Prerequisite: CIN/TFI 2760 and 2770, and permission of instructor
American Film Genres
CIN 3705 Refer to TFI 3705 in Film Courses for description.
Prerequisite: CIN 2760 and 2770
The Western
CIN 3715 / 4 credits / Special topic (every third year)
In light of a resurgence of the western in film and television, this course spans the history of the genre, from the earliest silent screen versions of dime store novels to its contemporary manifestations. While paying careful attention to the western as myth, epic, and landscape art, the course also explores themes of freedom, justice, and individualism as embedded and transformed in the genre. Offered as TFI 3715 for film majors.
Prerequisite: CIN/TFI 2760 and 2770, and permission of instructor
Philosophy and Film
CIN 3716 Refer to PHI 3716 in Philosophy Courses for description.
The American Avant-Garde Film
CIN 3730 Refer to TFI 3730 in Film Courses for description.
The Independent Spirit in American Film
CIN 3736 Refer to TFI 3735 in Film Courses for description.
Meaning and Truth in Cinema
CIN 3745 / 4 credits / Alternate years
A survey of the most important developments in film theory. Early theoretical discussions were mostly guided by the need to understand and to legitimize film as a distinct art form and as a new technology of seeing. As a result of the legitimization of film as a cultural fact, film theory became more specialized and a field of its own, alongside art history, literary theory, and philosophy. This course explores how each of these fields has contributed to a deeper understanding of cinema.
Transcendent Visions: The Spiritual on Film
CIN 3755 Refer to TFI 3755 in Film Courses for description.
New Waves of East Asian Cinema
CIN 3757 Refer to TFI 3757 in Film Courses for description.
Japanese Cinema
CIN 3760 Refer to TFI 3760 in Film Courses for description.
Contemporary Asian Cinema
CIN 3763 / 4 credits / Special topic (offered irregularly)

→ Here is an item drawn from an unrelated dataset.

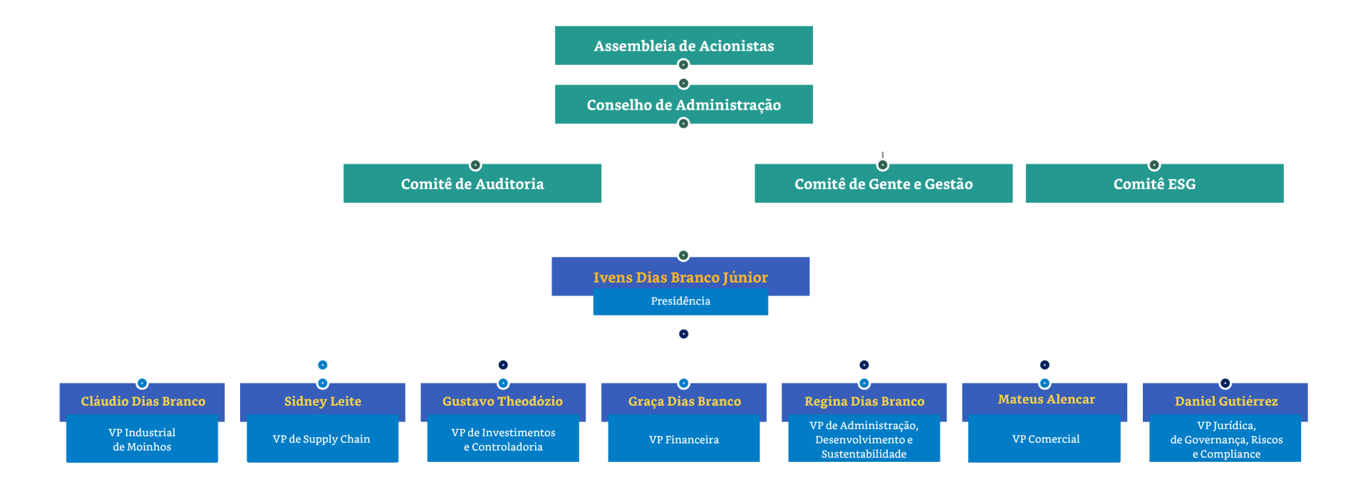 O organograma da M. Dias Branco é publicado anualmente no Relatório Anual Integrado.

An exploration of contemporary Asian cinema, focusing on films from Hong Kong, Taiwan, China, South Korea, Japan, and India made in the last 20 years. The class includes units on methods of comparative analysis, popular genres, authorship in art cinema, and national film industries. Offered as TFI 3763 for film majors.

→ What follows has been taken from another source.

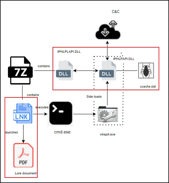 - DLL Sideloading: The legitimate wksprt.exe loads a malicious DLL named IPHLPAPI.dll.

Prerequisite: CIN/TFI 2760 and 2770, and permission of instructor
Topics in Classical Cinema
CIN 3765 / 4 credits / Alternate years
A key element of the classical Hollywood tradition (e.g., classical form, the auteur, the star system, or studio practices) is considered in detail. Offered as TFI 3765 for film majors.
Prerequisite: CIN/TFI 2760 and 2770
American Cinema of the ’50s
CIN 3783 / 4 credits / Alternate years
American cinema underwent significant upheaval during the 1950s with the crumbling of the studio system, the proliferation of television, fallout from the McCarthy hearings, and the Cold War. This course examines how such directors as Minnelli, Fuller, Welles, Preminger, Sirk, and Ray responded to these extremes, with attention to the historical circumstances and formal innovations that defined the era. Offered as TFI 3783 for film majors.

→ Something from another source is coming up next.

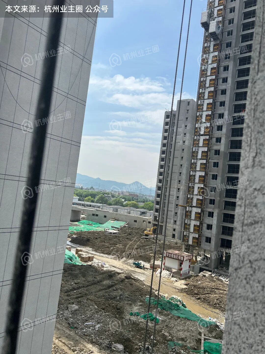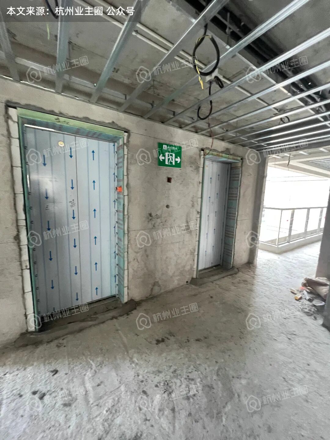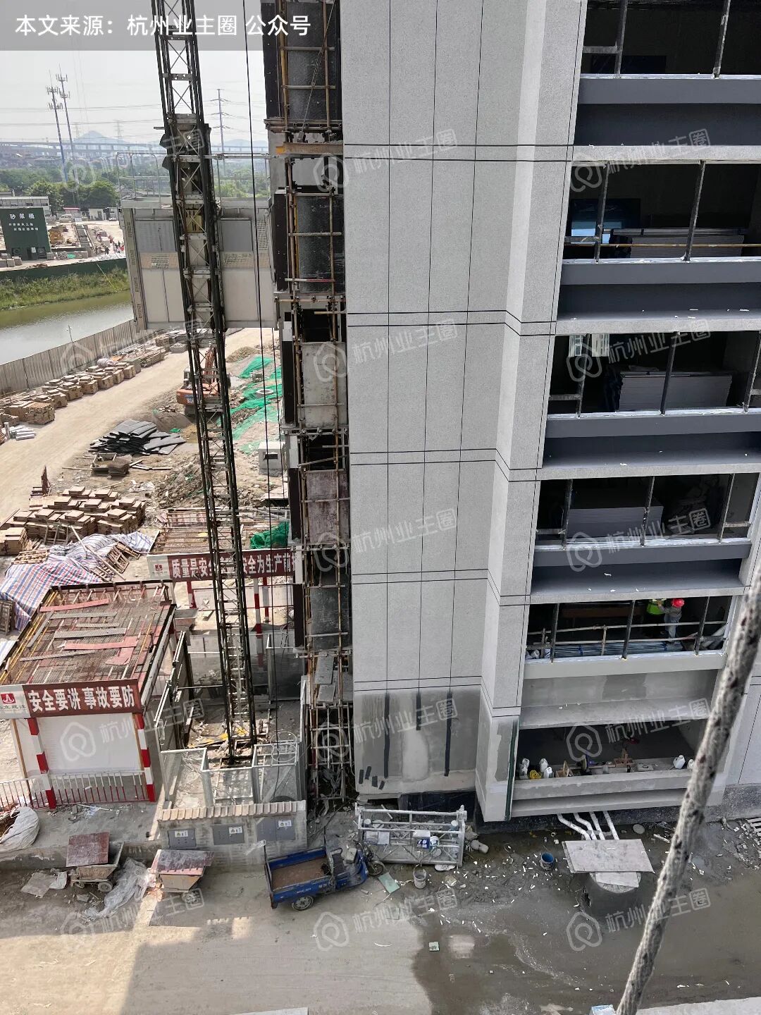 电梯轿厢已架设完毕,目前电梯门框底板搭建完毕;

Prerequisite: CIN/TFI 2760 and 2770, and permission of instructor
Hawks and Wilder: Hollywood Auteurs
CIN 3785 / 4 credits / Special topic (offered irregularly)
Howard Hawks and Billy Wilder—two of Hollywood’s greatest directors—made sophisticated, brilliantly crafted variations on such genres as the gangster film, comedy, western, musical, and film noir. This course examines the complex issues surrounding authorship in Hollywood film, while considering films to be artworks, social artifacts, and commercial entities shaped by genre expectations and factors beyond the control of any individual creative figure. Offered as TFI 3785 for film majors.
Prerequisite: CIN/TFI 2760 and 2770
The New Hollywood
CIN 3787 / 4 credits / Special topic (offered irregularly)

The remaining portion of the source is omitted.